*** STORED DATA ***
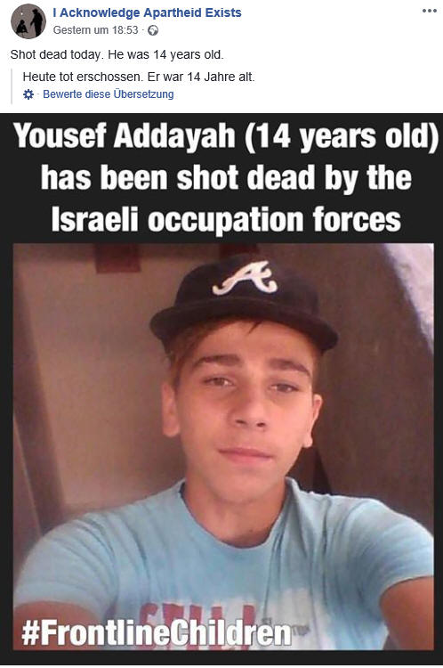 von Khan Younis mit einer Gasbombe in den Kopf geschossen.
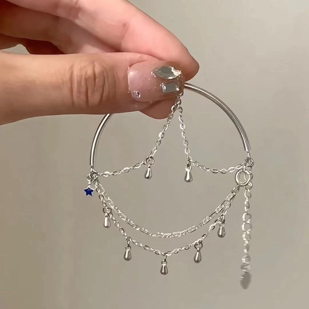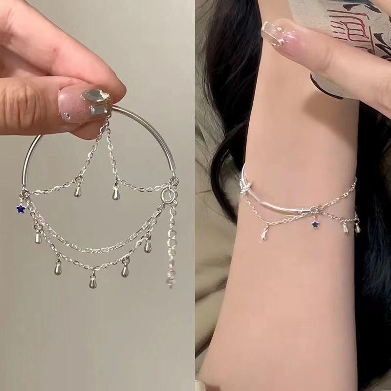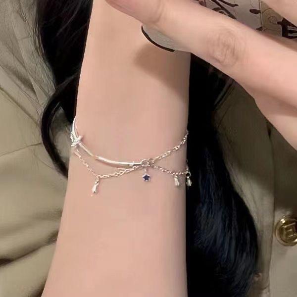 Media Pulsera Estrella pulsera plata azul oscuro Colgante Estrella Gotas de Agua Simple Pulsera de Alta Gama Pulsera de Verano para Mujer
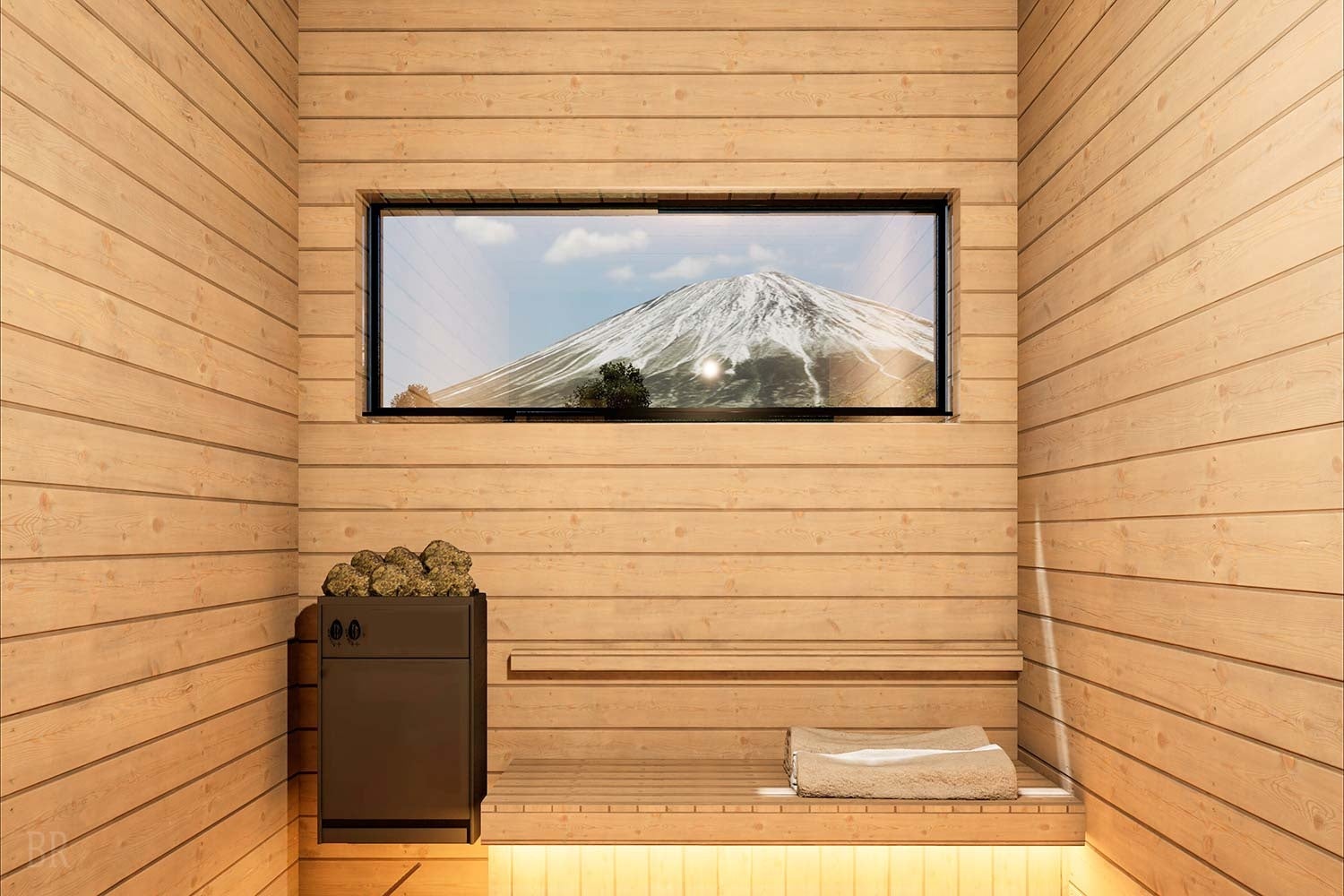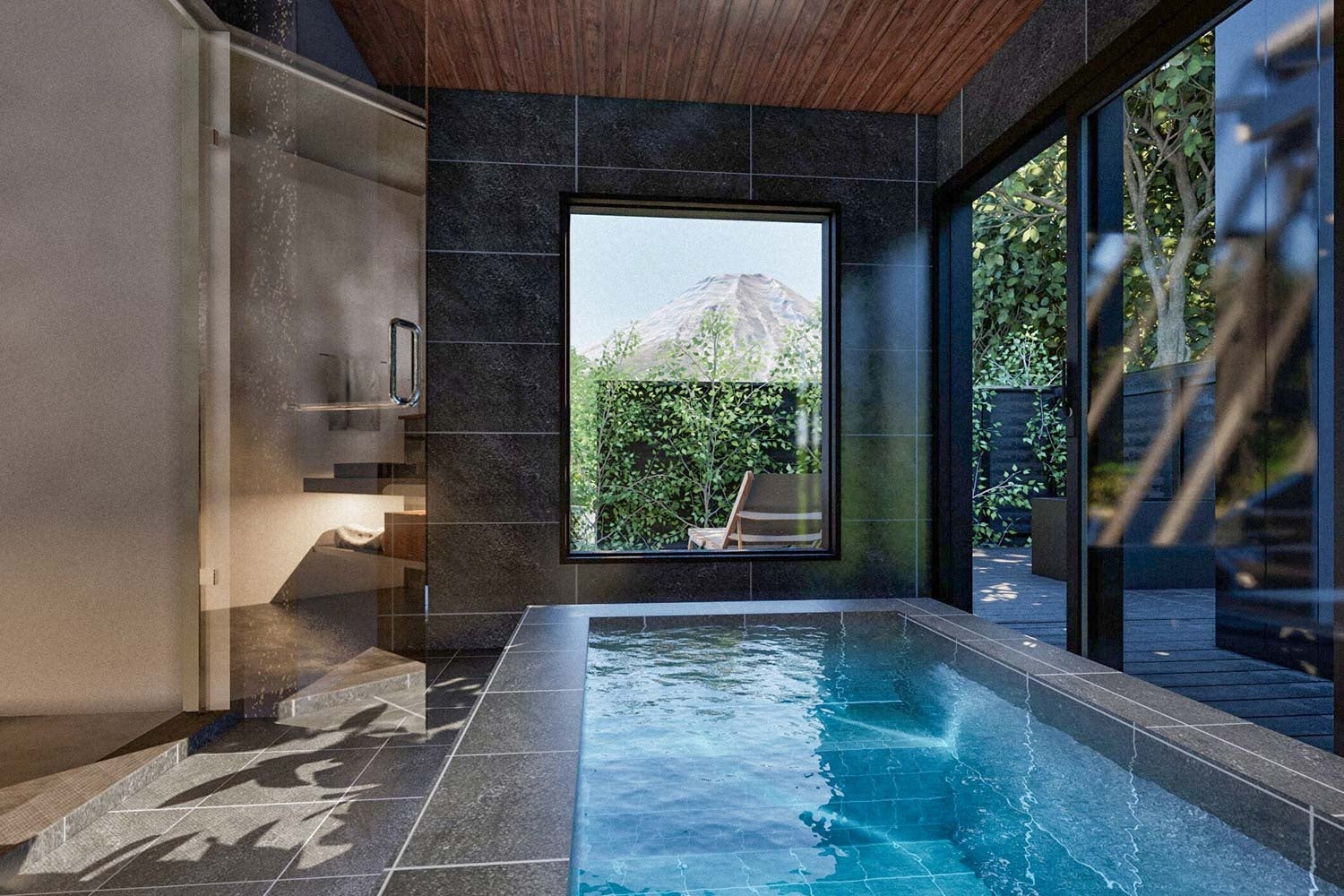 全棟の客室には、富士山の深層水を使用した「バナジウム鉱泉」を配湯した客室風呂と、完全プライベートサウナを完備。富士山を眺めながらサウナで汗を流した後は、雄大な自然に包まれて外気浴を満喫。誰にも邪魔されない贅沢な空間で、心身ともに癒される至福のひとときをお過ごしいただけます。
*** End of STORED DATA ***
• TASK STATEMENT:
Any images must be dropped; all other material is to be printed exactly.

• OUTPUT FOR THIS EXERCISE:
 von Khan Younis mit einer Gasbombe in den Kopf geschossen.
 Media Pulsera Estrella pulsera plata azul oscuro Colgante Estrella Gotas de Agua Simple Pulsera de Alta Gama Pulsera de Verano para Mujer
 全棟の客室には、富士山の深層水を使用した「バナジウム鉱泉」を配湯した客室風呂と、完全プライベートサウナを完備。富士山を眺めながらサウナで汗を流した後は、雄大な自然に包まれて外気浴を満喫。誰にも邪魔されない贅沢な空間で、心身ともに癒される至福のひとときをお過ごしいただけます。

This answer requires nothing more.